Following the war, Florin entered politics in the German Democratic Republic and served as vice-president of the regional parliament of Wittenberg, while working as chief editor of the daily newspaper Freiheit. Then, from 1949 to 1952, he was an advisor for the East German ministry of foreign affairs. In 1953, he was promoted to the head of the Department for International Relations of the Socialist Unity Party of Germany's central committee. From 1954 to 1971, he was a member of the country's parliamentary committee on foreign affairs, which he presided over for a time.

From 1967 to 1969, Florin was East Germany's ambassador to Czechoslovakia.

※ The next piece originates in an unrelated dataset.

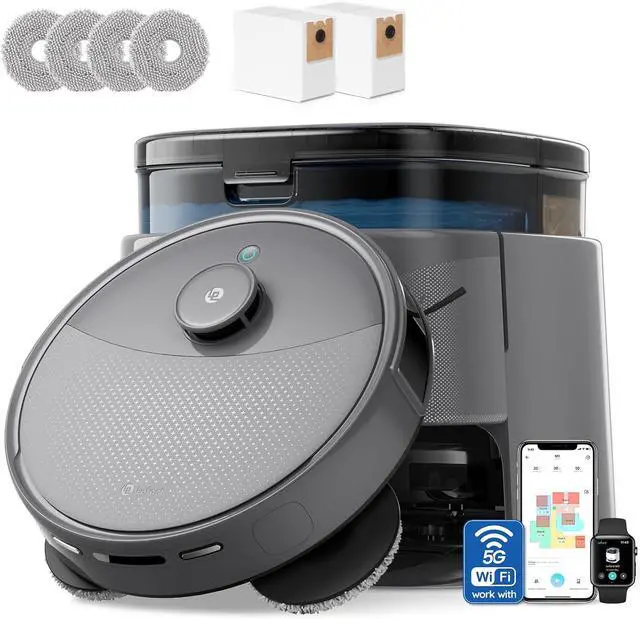 Support Dual-Band WiFi (2.4GHz/5GHz): Auto-switching ensures stable connectivity for uninterrupted cleaning. The 2.4GHz band provides whole-home coverage, while the 5GHz band enables high-speed control. No more dropouts! The system continuously monitors network conditions, optimizing performance in real-time to avoid interference and congestion

He supported the Soviet crushing of the Prague Spring uprising in 1968. In 1969, he was named secretary of state and first deputy foreign minister.

From 1973 to 1982, Florin was the German Democratic Republic's permanent representative to the United Nations. In 1982, he became president of the national commission for UNESCO in East Germany. In 1987 and 1988, he presided over the forty-second session of the United Nations General Assembly.

==Personal life==
Peter Florin was married, and had three children. His wife Edel was, in the late 1980s, a professor of Russian literature at Humboldt University in East Berlin.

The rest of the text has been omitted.